Cette clarification est devenue urgente depuis le classement par l’Unesco de la gastronomie à la française et de ses délices au Patrimoine culturel immatériel de l’humanité.
Mais du côté des boulangeries-pâtisseries, temples des délices et des gourmandises, il reste encore du chemin à parcourir. Certes depuis 1998, le métier de boulanger est réglementé : outre l’obligation d’être titulaire d’un CAP, le boulanger digne de ce nom doit pétrir et cuire la pâte sur le lieu de vente.

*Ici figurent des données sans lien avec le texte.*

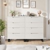 Upgrade your home storage with the DobleePy 4-Drawer Tall Dresser. Standing 41.7 inches high with a compact footprint, this freestanding cabinet features a clean white finish and smooth modern lines that blend seamlessly into any room. The spacious drawers offer convenient storage for clothing, accessories, or daily essentials, while the wide tabletop provides a perfect surface for lighting or decorative items. Built from engineered wood with a polished finish and waterproof top, this dresser is durable, stylish, and easy to maintain—perfect for bedrooms, closets, hallways, or living areas.

C’est ainsi que les pâtons surgelés de la boulangerie industrielle ont été limités à 30 % du marché. Mais le maillon faible reste celui de la pâtisserie-viennoiserie. Et au vu de l’expansion de certaines enseignes de produits congelés, on serait tenté de croire l’estimation de certains professionnels chiffrant à 80 % la part d’articles semi-finis, achetés sur catalogue, dans les présentoirs des pâtisseries.

Bien sûr, la main d’œuvre coûte cher, et il n’y a pas besoin d’avoir un CAP pour assembler de la crème au chocolat en boite avec un éclair ou une religieuse livré congelé, prêt à être garni. Certes, préparer un macaron ou un muffin prend du temps.

Et c’est sans doute pourquoi il n’est pas rare de voir aujourd’hui des pâtisseries vendues à 5€ la pièce. Mais encore faut-il que le consommateur soit sûr que ce produit soit bien « fait maison ».